岡山県吉備中央町の浄水場で有機フッ素化合物PFASが検出された問題です。町が公費で実施した血液検査の結果の説明会が2月16日に開かれ、住民から不安の声があがりました。

説明会は2024年、検査を受けた住民ら709人を対象に一部非公開で開かれ約160人が参加。結果の解析を行う岡山大学の頼藤貴志教授が報告しました。

(岡山大学疫学・衛生学分野 頼藤貴志教授)
「土壌調査からも想定される通り、PFOAの値が高いという結果だった」

2023年、吉備中央町の円城浄水場から有害性が指摘されている有機フッ素化合物PFASが国の暫定目標値を超えて検出された問題。町は24年11月から全国で初めて公費による血液検査を実施し、その結果、検査を受けた約9割の人がアメリカのガイドラインで示されている指針値を上回って検出されました。

16日の説明会では、検査対象となっている7種類のPFASの中で最も数値が高かったPFOAの平均値について、円城浄水場の水を飲用した人は飲用していない人と比較して、50倍以上だったことが報告されました。

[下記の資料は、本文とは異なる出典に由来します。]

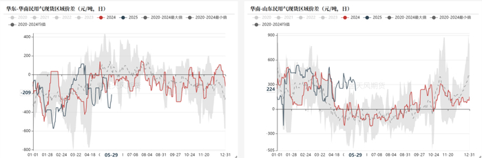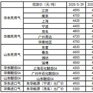 截至5月29日,华东-华南民用气现货区域价差为-209元/吨,较前一周+86元/吨;华南-山东民用气现货区域价差为224元/吨,较前一周-101元/吨;华东-山东民用气现货区域价差为15元/吨,较前一周-15元/吨。

また、円城浄水場がある地区に住む人が最も高く、次いで通勤などで浄水場の水を飲む人で高く検出されたということです。

(岡山大学疫学・衛生学分野 頼藤貴志教授)
「半減期(数値が半分になる期間)は5年かかると言われているのでなかなか1年で下がることはない。体内のPFOAの数値が高くて心配だと思う。時間はかかるが下がるのを待つしかない」

PFASの健康被害について国は明確な基準を定めておらず、町は5年後に再度血液検査を実施する方針を示していますが、説明会に参加した住民からは不安の声が多く聞かれました。

(参加した住民は)
「自分自身のさほど不安はないが子供たちの濃度が高いことが10年後、20年後に子供が出産した時にその子どもに影響がないのかなどがいくら数値(の説明)を聞いても不安は全然消えない」
「今後のことが大事なので少なくとも町がどれだけプランを持って対応できるかということに尽きるので、物足りなさは感じられた」

頼藤教授は今回の結果や住民が水を飲用した期間などを調べた調査票をもとに、PFASの血中濃度と健康被害との関連性を3月末までに評価したいとしています。